More Poe-themed entertainment for your tricked-and-treated soul: The delightful nostalgia-themed blog Embarrassing Treasures compiled a list of radio adaptations of Poe's stories. The links to the broadcasts can be found here and here.
As accompaniment, I can only add a few words of great wisdom--words that are too often ignored in our blood-and-gore drenched culture:
"But the truth is that, with a single exception, there is no one of these stories in which the scholar should recognise the distinctive features of that species of pseudo-horror which we are taught to call Germanic, for no better reason than that some of the secondary names of German literature have become identified with its folly. If in many of my productions terror has been the thesis, I maintain that terror is not of Germany, but of the soul,--that I have deduced this terror only from its legitimate sources, and urged it only to its legitimate results."

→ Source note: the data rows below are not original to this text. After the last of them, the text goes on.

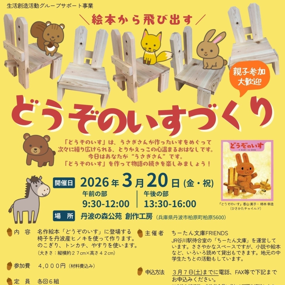 「どうぞのいすづくり」(3月20日)の参加者を募集しています
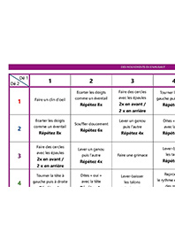 Cette activité fait suite aux autres activités proposées sur Culture à Vie, d’une série intitulée « Des mouvements en s’amusant ». Elle est destinée aux personnes âgées pour encourager une mobilité douce, travailler la coordination, tout cela dans un cadre convivial, d’une façon ludique et dynamique. Un tableau à double entrées est proposé en fichier Word et PDF pour effectuer l’activité, ou à s’approprier. Cette activité est réalisée à l’aide de 2 dés.
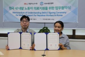 दक्षिण कोरिया – दक्षिण कोरियामा रहेका नेपाली श्रमिक, विद्यार्थी तथा कागजात नवीकरण नभएकाहरूका लागि ठूलो राहतको खबर आएको छ। पार्वती मोक्तान नेतृत्वको गैर आवासीय नेपाली संघ (NRNA) दक्षिण कोरिया र कोरियाली चिकित्सक समाजबीच निःशुल्क स्वास्थ्य उपचार सेवा प्रदान गर्ने सम्झौता भएको हो।

-From the preface to "Tales of the Grotesque and Arabesque," 1840
[Bonus video: Thanks to Tim Smith of the "Baltimore Sun," I recently discovered this beautiful musical rendition of "Annabel Lee," sung by the late Welsh tenor Robert Tear, with André Previn on piano. I knew I had to share it on the blog somehow, and it makes a suitably haunting song for this occasion. A good Samhain's Eve to one and all.]